Cyber enabled disruption is not limited by geography, meaning New Zealand’s cannot rely on its relative geographic isolation. Exposed critical infrastructure is an attractive target to a financially motivated criminal in Europe. It is also a very attractive option to cause targeted disruption or manipulation by a hostile foreign power.

During covid, for example, we saw the level of intricate interconnectivity in our supply chains. We also saw how critical digital systems are to keeping our supply chains safe. A very minor cyber incident to a single component could easily cause widespread disruption. This is a compelling motive for a cybercriminal to extort a ransom or a hostile nation state wanting to make a point.

Secure Together

The Government’s ability to deliver on the National Security Strategy, state its authors, depends on working together with New Zealand society and with international partners. The bulk of cyber security capability and effort, they acknowledge, “occurs outside government, with individuals and private organisations working to protect their data, networked devices, and infrastructure.”

It’s a key point echoed in the Fortinet whitepaper. “Better cooperation between public and private entities will deliver greater visibility of threats with shared intelligence, better use of scarce cyber specialists, and better management of incident response,” state Maiden and Quinn. It’s about “working together on a shared protective mission.”

Advanced cyber defences capabilities from industry leaders like Fortinet are already installed in every industry, in nearly every country across the globe. Harnessing this “system of systems” for real time threat intelligence is a vital component to a nation’s security.

There is no silver bullet, which necessitates the bringing of a full arsenal of advanced technical capability to the forefront of our defence strategy. Many people think that a simple firewall is enough, but providers such as Fortinet have a range of technologies to protect cloud and Operations Technology (OT) environments, as well as advanced deception, endpoint and active threat reconnaissance capability.

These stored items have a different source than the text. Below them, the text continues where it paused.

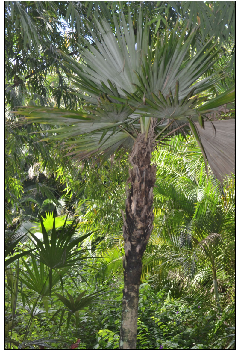
Short petiole Coccothrinax sp.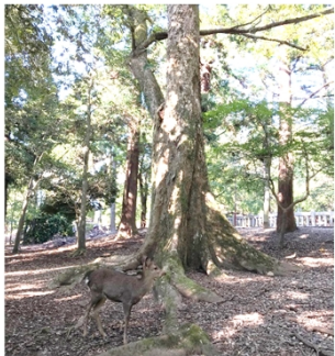
Deer in Nara Park

1 Stoutest in the Park! Japanese Black Pine ( Pinus thunbergii )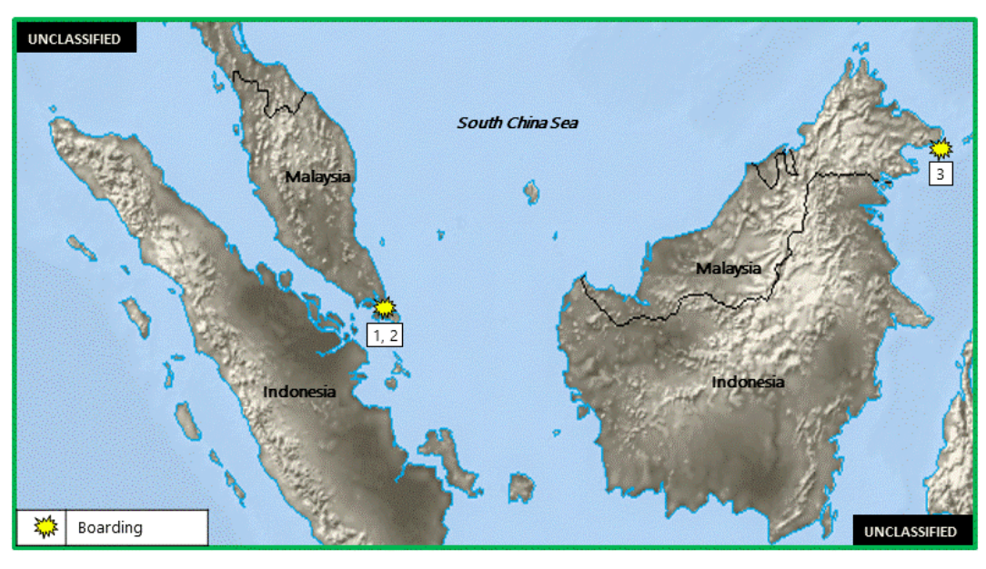
Figure 4. East Asia – Southeast Asia Area Piracy and Maritime Crime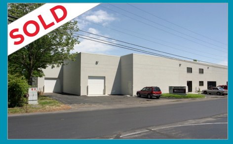
8035 Craig Street Indianapolis, IN 41,000 SF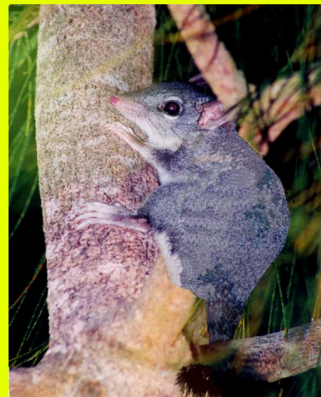
Threatened Brush-tailed Phascogale

Even the small concession made in the Code to retain one habitat tree per hectare is wiped out by an exemption allowing any habitat tree to be removed as long as 10 or 20 trees (depending on its size) are planted, or allowed to regenerate in its stead. The fact that it will possibly take 200 years before the new trees effectively replace those old trees, to the point they will provide the same level of habitat, is seemingly ignored or considered immaterial.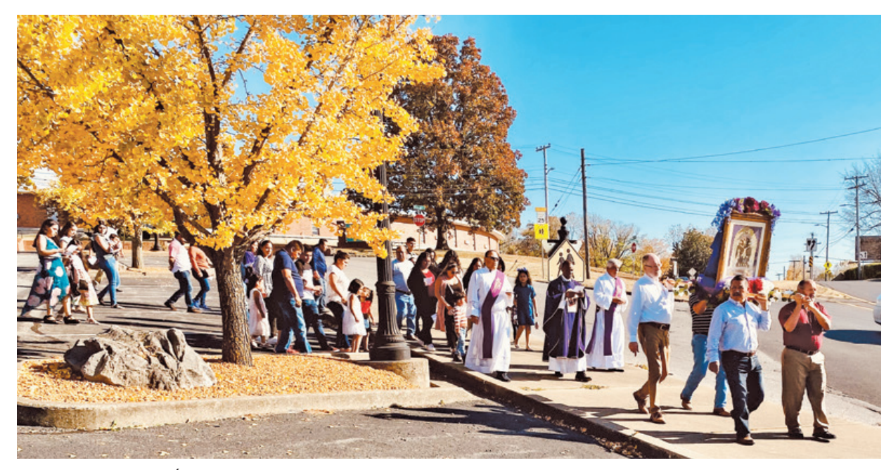
Una procesión para El Señor de los Milagros se lleva a cabo fuera de la Parroquia San Pedro & San Pablo en Hopkinsville en octubre pasado.

El Señor de los Milagros, una devoción peruana en Hopkinsville, Kentucky

By converging a platform of defence to every corner of the national attack surface, combined with exercised defence strategy we can significantly raise our national resilience, and minimise the impact of a cyber threat.

“Given the growth of cyber threats, it has never been more important for the New Zealand government to coordinate with a much broader group of stakeholders, partnering to protect our shared interests,” state Maiden and Quinn. “It needs to be clearly understood that securing cyber and physical infrastructure is a shared responsibility.”